Glacier Bay National Park & Preserve, Alaska
Glacier Bay National Park, 3.3 million acres in size and mostly wilderness is only accessible by plane or boat . It is a living laboratory for studying glacial succession, and a haven for wildlife.
8:00 AM - Steller sea lions, puffins, common murres, black legged kittiwakes, and pigeon guillemots lured us away from our breakfasts and outside to enjoy the sights and sounds of the South Marble Islands. Isolated rocks, big enough for birds to nest and sea lions to haul out, but small enough to be free of land-based predators, are what make these islands such a special place.
10:00 AM - A brown bear walking along the shoreline at low tide, flipping rocks and eating what it found underneath. The bear’s strength was given away by the size of the rocks it could flip over. With one paw it could flip more than any of us could probably life with two hands. With two paws it could flip very large boulders. When it really had to work it would wrap its whole body around the rock and push with its hind legs to topple rocks that were more than half its size. There was an auditory aspect to it as well. We were quietly floating close enough to shore that we could hear the splashing of rocks as they were flipped and the crunching of the blue mussels as the bear walked along.

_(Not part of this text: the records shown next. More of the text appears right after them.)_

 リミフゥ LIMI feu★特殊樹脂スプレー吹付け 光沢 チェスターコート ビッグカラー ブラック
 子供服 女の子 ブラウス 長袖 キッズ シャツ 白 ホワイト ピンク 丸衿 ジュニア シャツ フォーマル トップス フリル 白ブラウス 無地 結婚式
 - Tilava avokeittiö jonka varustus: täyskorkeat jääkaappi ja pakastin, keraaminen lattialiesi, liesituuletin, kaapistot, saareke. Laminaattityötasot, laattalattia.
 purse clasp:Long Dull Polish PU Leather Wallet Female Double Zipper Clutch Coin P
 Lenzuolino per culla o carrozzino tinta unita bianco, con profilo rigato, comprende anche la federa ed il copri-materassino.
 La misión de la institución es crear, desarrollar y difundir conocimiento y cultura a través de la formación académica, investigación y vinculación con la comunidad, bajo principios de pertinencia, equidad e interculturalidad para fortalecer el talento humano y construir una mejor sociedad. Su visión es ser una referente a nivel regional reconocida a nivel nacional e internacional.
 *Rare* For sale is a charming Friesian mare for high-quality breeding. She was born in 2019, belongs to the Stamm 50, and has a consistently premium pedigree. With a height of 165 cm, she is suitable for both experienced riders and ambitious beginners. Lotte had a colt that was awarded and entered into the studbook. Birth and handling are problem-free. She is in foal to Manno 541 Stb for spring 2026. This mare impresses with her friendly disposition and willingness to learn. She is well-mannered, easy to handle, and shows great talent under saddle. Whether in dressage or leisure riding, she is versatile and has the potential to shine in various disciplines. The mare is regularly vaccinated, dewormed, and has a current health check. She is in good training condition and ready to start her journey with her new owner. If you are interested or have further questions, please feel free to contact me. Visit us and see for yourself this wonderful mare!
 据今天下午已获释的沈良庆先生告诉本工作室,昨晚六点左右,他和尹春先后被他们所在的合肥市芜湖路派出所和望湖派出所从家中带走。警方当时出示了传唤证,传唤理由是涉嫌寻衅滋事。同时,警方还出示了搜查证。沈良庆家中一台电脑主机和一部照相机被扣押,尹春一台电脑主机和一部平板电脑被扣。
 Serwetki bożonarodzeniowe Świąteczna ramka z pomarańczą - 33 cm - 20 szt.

This was only one of six brown bears we saw today. Many of the others were out foraging at low tide too.
11:00 AM - Mountain goats with kids are perched high on the cliffs of Gloomy Knob. Specially adapted feet make them comfortable running and jumping over rocks where we humans would need ropes.
12:15 PM - Another brown bear flipping mussel-covered rocks. A scan of the shoreline showed the path of this or maybe another bear. If the rock looked free of mussels it was because it had been recently flipped over. I wonder how the mussels deal with this change in their environment?
1:30 PM - Margerie and Grand Pacific Glaciers are in sight. We are mesmerized for an hour as we approach. We watch the ice in the water, a bald eagle and harbor seals floating on small icebergs, the reflection of the mountains in the water, and of course the glacier itself.
2:45 PM – We are headed back down the bay, but not before seeing Lamplugh and Reid Glaciers, another brown bear, and a humpback whale carcass that washed up on the beach in April.
8:00 PM – During dinner, from our tables, we see humpback whales in the distance as we head to the Park headquarters at Bartlett Cove.
8:45 PM - We are headed off the ship for a hike in the forest that now stands where glaciers sat just 200 years ago. It is 75 minutes until sunset and much longer until the 2 or so hours of dark that we will have.
I visited this place 22 years ago on my first vacation in Alaska. On that visit I spent 10 days kayaking through the Park. On today’s visit we might have “only” been here for 17 hours, but we have traveled the same distance and seen more wildlife than I did in those 10 days so many years ago. The one thing that has not changed is the magic of being some place that is so beautiful, wild and pristine; a gem of our National Park System.